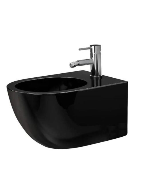 Rea Carlo Mini fali bidé 49x36,5 cm csapfurattal, fényes fekete REA-C6380
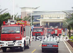 海南十月十七日舉行博鰲亞洲論壇安保演練,迎接十一月初召開的論壇年會(huì)。圖為消防車在會(huì)議接待酒店博鰲索菲特酒店前進(jìn)行消防演練。作者:王辛莉
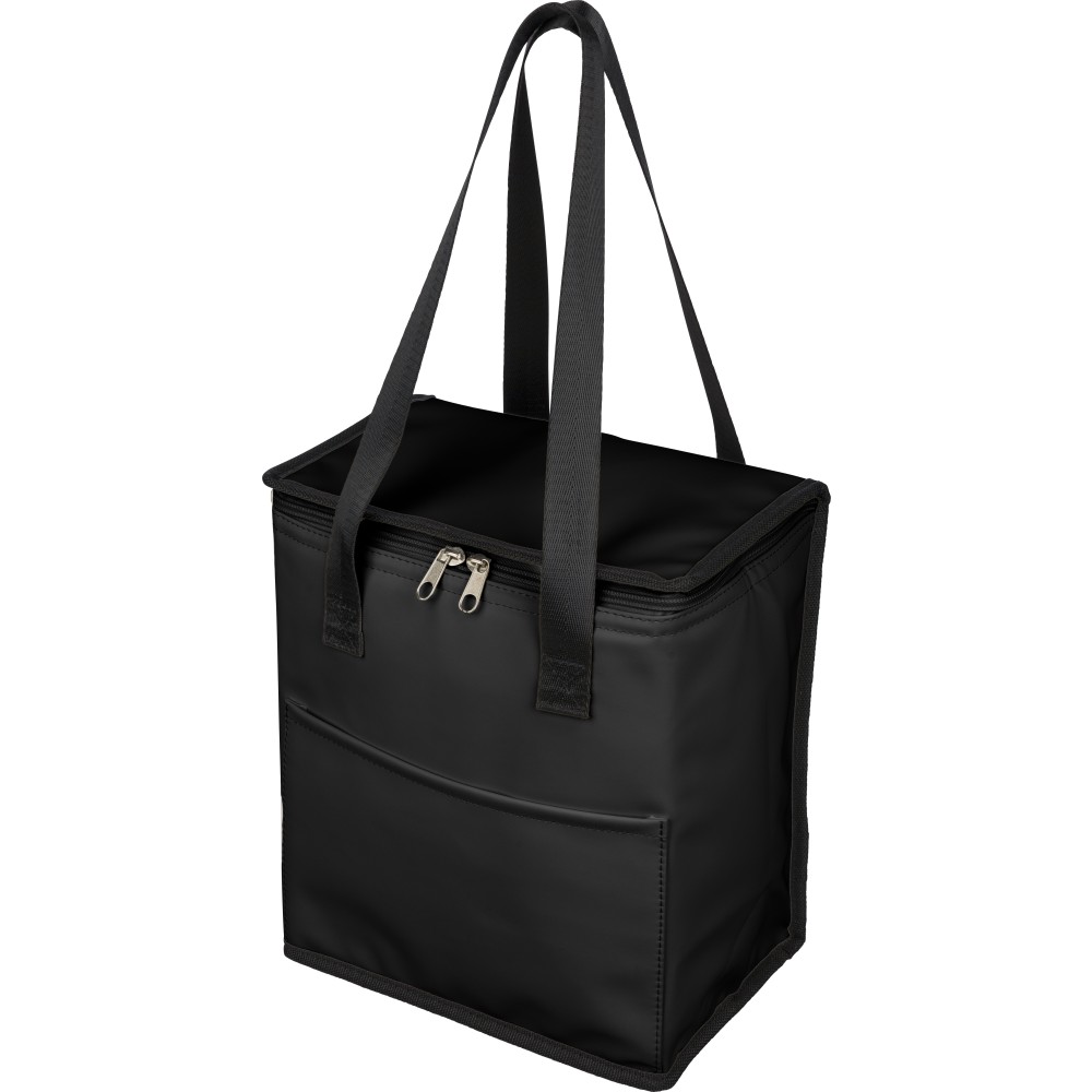 Újrahasznosított PU anyagból készült hűtőtáska 9 literes űrtartalommal, 210D újrahasznosított poliészter béléssel. 2,5 × 66 cm méretű hosszú fülekkel és elülső tárolózsebbel rendelkezik. A belső címkén újrahasznosított alapanyagra utaló logó található.
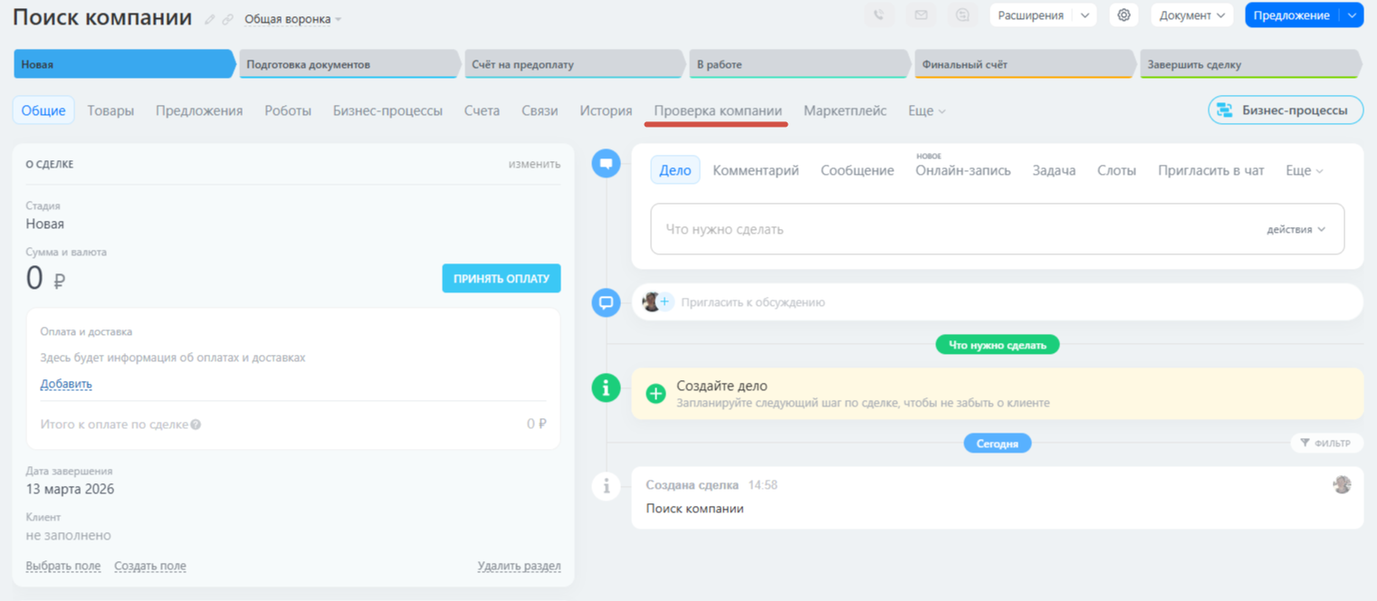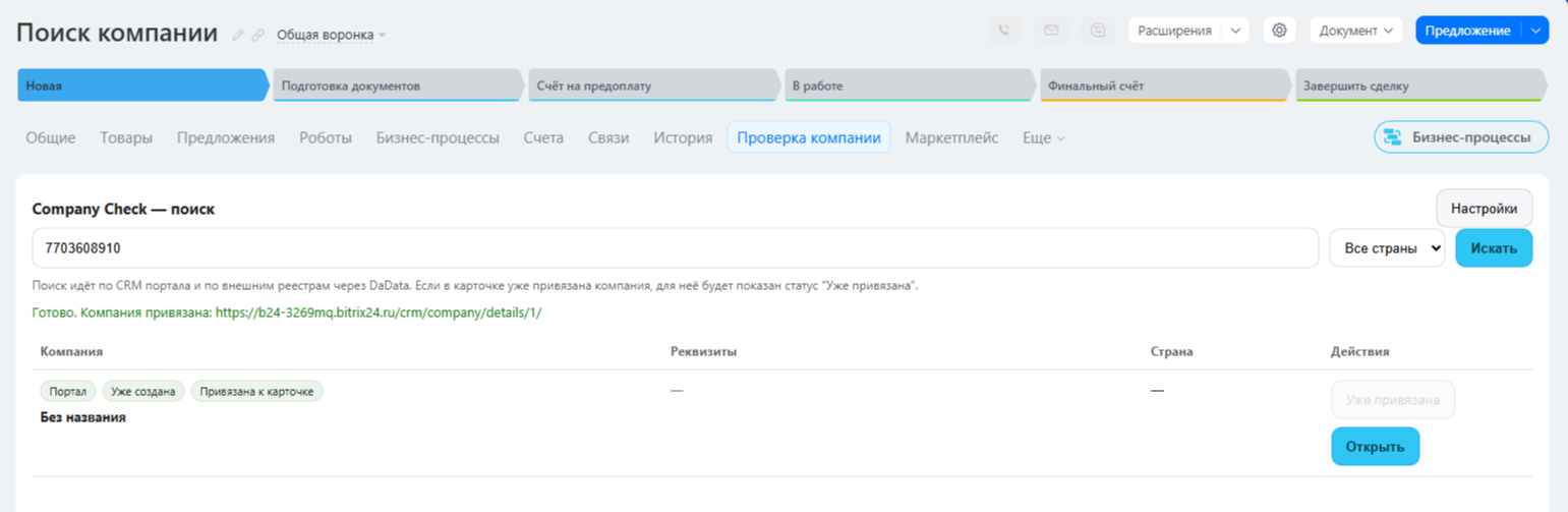 В карточке лида или сделки появляется вкладка/кнопка "Проверка компании”:

→ Work task: Would you write out the material above in full, exactly as given, except for its pictures?

→ Result of the task:
 Rea Carlo Mini fali bidé 49x36,5 cm csapfurattal, fényes fekete REA-C6380
 海南十月十七日舉行博鰲亞洲論壇安保演練,迎接十一月初召開的論壇年會(huì)。圖為消防車在會(huì)議接待酒店博鰲索菲特酒店前進(jìn)行消防演練。作者:王辛莉
 Újrahasznosított PU anyagból készült hűtőtáska 9 literes űrtartalommal, 210D újrahasznosított poliészter béléssel. 2,5 × 66 cm méretű hosszú fülekkel és elülső tárolózsebbel rendelkezik. A belső címkén újrahasznosított alapanyagra utaló logó található.
 В карточке лида или сделки появляется вкладка/кнопка "Проверка компании”:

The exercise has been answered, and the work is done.